### Extracted material

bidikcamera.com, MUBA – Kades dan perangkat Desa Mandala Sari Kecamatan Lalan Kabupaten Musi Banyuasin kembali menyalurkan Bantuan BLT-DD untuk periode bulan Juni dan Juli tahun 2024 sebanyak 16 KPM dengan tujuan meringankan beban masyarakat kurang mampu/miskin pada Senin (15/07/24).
--
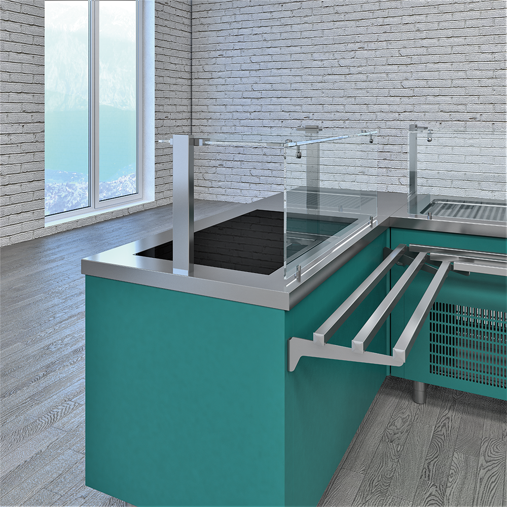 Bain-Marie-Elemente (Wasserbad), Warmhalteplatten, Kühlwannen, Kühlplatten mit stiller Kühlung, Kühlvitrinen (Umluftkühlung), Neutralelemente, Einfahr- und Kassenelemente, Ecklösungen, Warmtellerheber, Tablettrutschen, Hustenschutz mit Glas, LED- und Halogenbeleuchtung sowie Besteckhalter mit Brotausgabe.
* * *
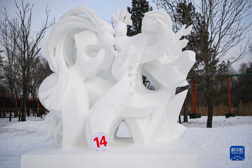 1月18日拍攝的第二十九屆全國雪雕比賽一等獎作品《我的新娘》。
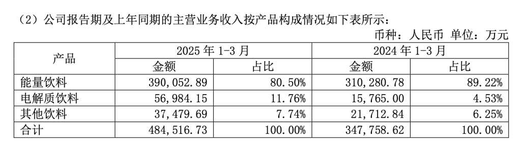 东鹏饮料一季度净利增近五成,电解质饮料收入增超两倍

### Exercise description
Exactly as written above, retype the lines starting at the one holding "1月18日拍攝的第二十九屆全國雪雕比賽一等獎作品《我的新娘》。" and ending at the one holding "东鹏饮料一季度净利增近五成,电解质饮料收入增超两倍", both included, but not the pictures.

### Answer to this exercise
 1月18日拍攝的第二十九屆全國雪雕比賽一等獎作品《我的新娘》。
 东鹏饮料一季度净利增近五成,电解质饮料收入增超两倍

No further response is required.